(Records from a collection)
Content starts
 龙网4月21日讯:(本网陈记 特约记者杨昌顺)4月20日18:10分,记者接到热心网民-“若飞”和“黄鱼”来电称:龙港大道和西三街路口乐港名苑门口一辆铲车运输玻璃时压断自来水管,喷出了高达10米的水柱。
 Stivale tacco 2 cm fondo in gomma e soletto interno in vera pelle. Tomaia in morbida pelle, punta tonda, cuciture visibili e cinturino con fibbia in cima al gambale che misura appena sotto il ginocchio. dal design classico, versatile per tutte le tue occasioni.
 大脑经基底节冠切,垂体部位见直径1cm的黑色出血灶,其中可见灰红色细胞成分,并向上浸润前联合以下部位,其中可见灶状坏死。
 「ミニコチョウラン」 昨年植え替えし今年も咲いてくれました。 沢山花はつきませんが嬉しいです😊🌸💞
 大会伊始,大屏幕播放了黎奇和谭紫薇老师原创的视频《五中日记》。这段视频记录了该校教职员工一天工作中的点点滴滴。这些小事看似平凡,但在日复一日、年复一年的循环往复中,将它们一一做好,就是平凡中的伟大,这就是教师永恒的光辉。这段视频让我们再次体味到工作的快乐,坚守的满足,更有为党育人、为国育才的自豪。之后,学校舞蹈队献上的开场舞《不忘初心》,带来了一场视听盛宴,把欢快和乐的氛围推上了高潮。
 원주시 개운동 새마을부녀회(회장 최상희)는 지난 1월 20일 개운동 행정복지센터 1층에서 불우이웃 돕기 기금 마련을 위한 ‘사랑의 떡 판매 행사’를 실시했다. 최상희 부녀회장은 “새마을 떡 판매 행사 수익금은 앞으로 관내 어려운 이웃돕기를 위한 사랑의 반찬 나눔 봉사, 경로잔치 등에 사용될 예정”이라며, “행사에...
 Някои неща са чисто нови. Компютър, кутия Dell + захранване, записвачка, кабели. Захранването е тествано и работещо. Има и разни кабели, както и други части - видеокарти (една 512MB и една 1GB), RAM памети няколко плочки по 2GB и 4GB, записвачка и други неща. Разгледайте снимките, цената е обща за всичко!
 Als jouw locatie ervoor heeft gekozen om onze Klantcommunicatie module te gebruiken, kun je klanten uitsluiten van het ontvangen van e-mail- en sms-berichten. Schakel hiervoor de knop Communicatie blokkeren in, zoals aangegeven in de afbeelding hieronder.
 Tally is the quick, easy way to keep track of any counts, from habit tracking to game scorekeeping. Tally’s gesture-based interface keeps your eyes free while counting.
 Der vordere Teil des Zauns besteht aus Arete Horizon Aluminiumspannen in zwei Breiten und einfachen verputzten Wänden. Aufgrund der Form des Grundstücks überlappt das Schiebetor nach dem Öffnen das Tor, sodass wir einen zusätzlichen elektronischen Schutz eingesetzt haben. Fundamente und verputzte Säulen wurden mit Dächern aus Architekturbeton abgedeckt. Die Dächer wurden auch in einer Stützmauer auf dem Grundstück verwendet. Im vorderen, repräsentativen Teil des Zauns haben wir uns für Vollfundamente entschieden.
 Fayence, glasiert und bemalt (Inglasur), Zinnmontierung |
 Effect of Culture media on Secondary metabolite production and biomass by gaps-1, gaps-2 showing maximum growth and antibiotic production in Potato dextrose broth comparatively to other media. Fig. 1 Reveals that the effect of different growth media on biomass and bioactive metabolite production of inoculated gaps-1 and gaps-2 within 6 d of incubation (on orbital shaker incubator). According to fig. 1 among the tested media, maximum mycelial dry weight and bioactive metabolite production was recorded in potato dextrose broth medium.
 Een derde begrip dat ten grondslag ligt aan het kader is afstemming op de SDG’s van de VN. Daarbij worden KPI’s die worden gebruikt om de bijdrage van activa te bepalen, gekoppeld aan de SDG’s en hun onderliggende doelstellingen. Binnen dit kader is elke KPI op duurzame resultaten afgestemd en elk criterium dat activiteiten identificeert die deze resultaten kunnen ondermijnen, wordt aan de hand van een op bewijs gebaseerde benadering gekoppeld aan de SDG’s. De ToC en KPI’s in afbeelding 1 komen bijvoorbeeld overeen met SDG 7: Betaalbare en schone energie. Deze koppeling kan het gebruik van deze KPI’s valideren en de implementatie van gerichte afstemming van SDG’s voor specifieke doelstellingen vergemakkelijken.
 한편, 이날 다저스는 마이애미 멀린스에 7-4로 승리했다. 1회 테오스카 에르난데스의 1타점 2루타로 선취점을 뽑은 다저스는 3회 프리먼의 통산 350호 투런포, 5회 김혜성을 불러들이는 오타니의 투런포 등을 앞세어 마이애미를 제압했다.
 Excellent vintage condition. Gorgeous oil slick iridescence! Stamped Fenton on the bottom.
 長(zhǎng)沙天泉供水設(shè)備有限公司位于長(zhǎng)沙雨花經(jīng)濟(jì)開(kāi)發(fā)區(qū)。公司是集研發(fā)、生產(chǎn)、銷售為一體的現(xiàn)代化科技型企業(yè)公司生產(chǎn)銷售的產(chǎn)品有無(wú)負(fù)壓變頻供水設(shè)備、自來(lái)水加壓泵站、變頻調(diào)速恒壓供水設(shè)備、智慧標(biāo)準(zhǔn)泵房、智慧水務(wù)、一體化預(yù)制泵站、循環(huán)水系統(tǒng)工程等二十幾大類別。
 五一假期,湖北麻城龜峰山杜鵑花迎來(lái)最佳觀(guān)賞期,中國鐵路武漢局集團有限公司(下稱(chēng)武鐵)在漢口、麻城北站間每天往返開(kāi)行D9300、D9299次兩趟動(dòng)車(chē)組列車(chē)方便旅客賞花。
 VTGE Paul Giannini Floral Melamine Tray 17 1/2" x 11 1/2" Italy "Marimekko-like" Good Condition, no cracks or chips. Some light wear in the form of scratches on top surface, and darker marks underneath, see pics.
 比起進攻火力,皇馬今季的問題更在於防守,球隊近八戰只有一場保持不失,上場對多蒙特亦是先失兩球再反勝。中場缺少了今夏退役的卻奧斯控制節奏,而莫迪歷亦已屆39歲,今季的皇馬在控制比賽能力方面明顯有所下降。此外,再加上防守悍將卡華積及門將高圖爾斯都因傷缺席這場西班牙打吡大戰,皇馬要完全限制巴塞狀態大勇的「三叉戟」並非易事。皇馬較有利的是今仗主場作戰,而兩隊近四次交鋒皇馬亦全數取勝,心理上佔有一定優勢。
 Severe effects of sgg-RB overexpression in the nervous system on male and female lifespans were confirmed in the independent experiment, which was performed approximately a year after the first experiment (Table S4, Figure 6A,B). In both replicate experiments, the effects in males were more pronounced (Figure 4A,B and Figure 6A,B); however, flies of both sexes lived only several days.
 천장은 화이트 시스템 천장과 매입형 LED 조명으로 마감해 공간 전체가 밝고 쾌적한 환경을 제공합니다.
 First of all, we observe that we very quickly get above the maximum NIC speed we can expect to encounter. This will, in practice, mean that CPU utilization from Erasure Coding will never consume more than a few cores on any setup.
Content ends
Say how many lines above contain "that", and give no words besides the number.

● RESPONSE BELOW: 2